Ex-Rams $64 Million Stat Leader Urged to Avoid Signing With Contender

Leonard Floyd

Getty Leonard Floyd attempts his pass breakup on February 13, 2022 in the Super Bowl.

There are NFL franchises that will get enticed about either adding Super Bowl experience or someone with a background in rushing the passer before 2023 training camp. And Leonard Floyd, formerly of the Los Angeles Rams, comes with both backgrounds.

However, while the former $64 million Super Bowl winning edge rusher and the Rams’ leading pass rusher from 2022 remains a hot name this late into free agency, it’s best for him to be choosy of his next destination — which includes being urged to turn down one contender he’s been linked to: the Philadelphia Eagles.

Why Eagles Won’t Work for Floyd

Floyd was called a potential signing option by Kristopher Knox of Bleacher Report for the NFC champs.

“Although pass-rusher Leonard Floyd is approaching 31 years old, he still has plenty in the proverbial tank. Despite playing on the lackluster Los Angeles Rams in 2022, he managed to record nine sacks and 31 quarterback pressures. The Rams released Floyd in a cap-saving move earlier this offseason. The Philadelphia Eagles would be a great landing spot for him,” Knox wrote.

Sure, the Eagles and their ridiculously stacked pass rushing room has become an NFL heaven for those who like attacking the passer. It’s a room that features All-Pro Haason Reddick and just added the immensely quick Nolan Smith, best known for blazing his 40-yard dash in 4.37 seconds. Knox adds that luring in Floyd “feels exactly like the sort of addition general manager Howie Roseman would make.”

However, here’s two examples why it’s best for Floyd to divert away from the City of Brotherly Love.

The Eagles had two past Rams representatives during the NFC title run in Robert Quinn and Ndamukong Suh. Quinn ended up getting lost in the loaded edge rush room and didn’t record a sack in an Eagles uniform — a major drop from the 18.5 he delivered in 2021 with the Chicago Bears. Suh, meanwhile, ended up with his worst sack season of his 13-season career with just one.

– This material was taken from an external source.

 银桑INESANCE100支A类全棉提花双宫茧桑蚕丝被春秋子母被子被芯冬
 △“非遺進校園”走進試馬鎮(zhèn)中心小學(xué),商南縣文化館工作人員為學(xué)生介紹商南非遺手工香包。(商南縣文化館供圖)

And, with Smith and top 10 pick Jalen Carter on board plus the return of Josh Sweat and Brandon Graham (two 11-sack edge rushers last season opposite of Reddick), Floyd is running the risk of witnessing his own sack numbers decline if he heads to Philly.

While adding a rusher like Floyd is enticing for both the Eagles and the veteran, Floyd is better off preventing himself from going down the path of Ex-Rams defenders Quinn and Suh. He’s better off finding another landing spot.

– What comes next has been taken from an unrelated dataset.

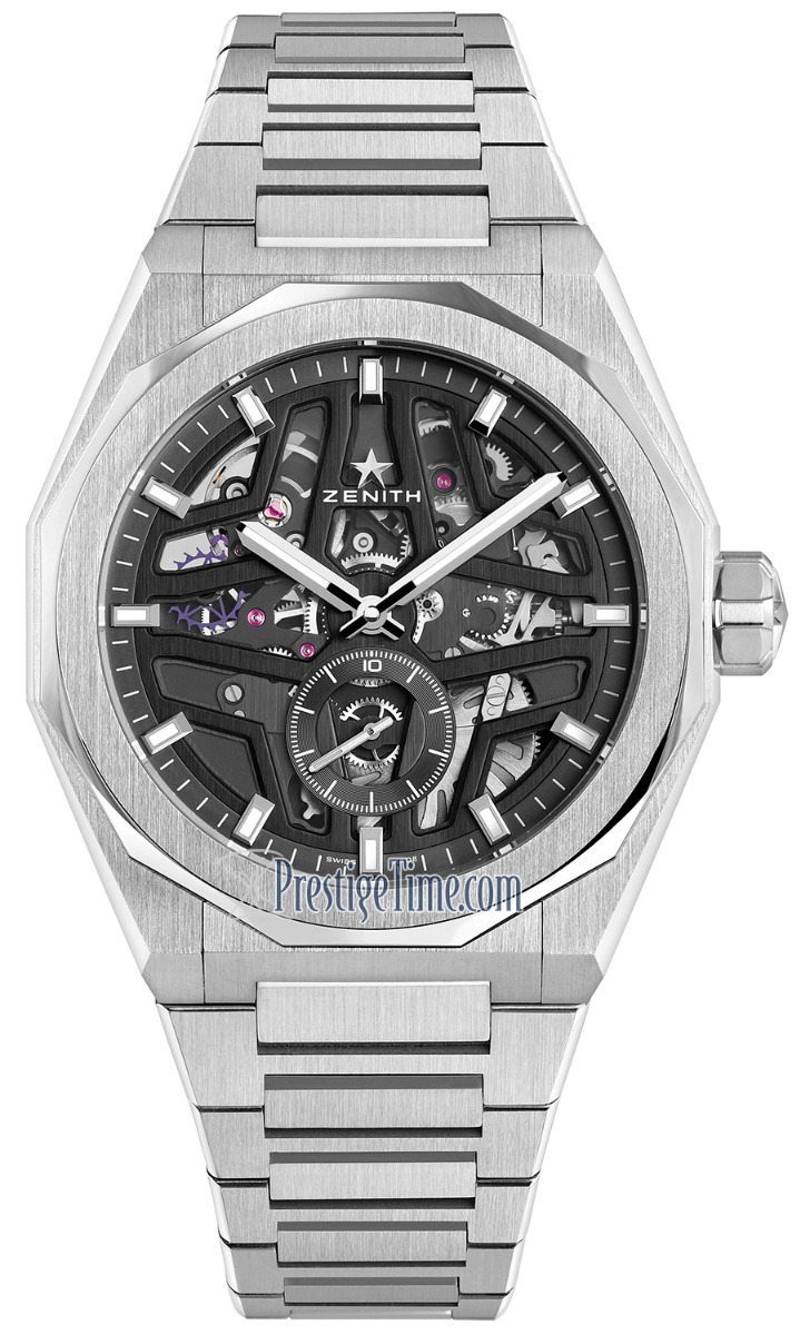 • Zenith El Primero Caliber 3620, beats at 36,000 vph, composed out of 228 parts, & has an approximate power reserve of 60 hours.

One Destination Suggests a Homecoming for Floyd

Knox’s B/R colleague Maurice Moton offered up this idea: Floyd heads to the Atlanta Falcons, which brings the 6-foot-6 rusher back to his home state.

“The Falcons signed edge-rusher Bud Dupree, but he’s missed at least five games in each of the past three seasons. Leonard Floyd has been more productive and reliable in the same time frame,” Moton wrote of the native of Eastman, Georgia who also starred for the Georgia Bulldogs. Moton believes Floyd is capable of adding one more title in Atlanta.

“As a matter of fact, Floyd would be the Falcons’ best pass-rusher in recent years,” Moton wrote. “He’s recorded at least nine sacks in each of the last three seasons. Atlanta hasn’t had a player match or eclipse that number since Adrian Clayborn in 2017. Like Falcons edge-rusher Lorenzo Carter, Floyd played college football at Georgia and is from Atlanta. As 2022 second-rounder Arnold Ebiketie grows into a bigger role, Floyd can impact the pass rush for a team that had the league’s lowest pressure rate (14.6 percent) last year.

Here’s what else could persuade Floyd: Every division opponent for the Falcons is bringing in a new quarterback, including the Tampa Bay Buccaneers with two former teammates of Floyd in Baker Mayfield and John Wolford. Adding an experienced rusher like Floyd can be perfect for the Falcons in testing the newcomers behind center.

At his age plus with a Super Bowl ring already in tow, perhaps a Peach State homecoming can work for Floyd as he heads toward the twilight years of his career.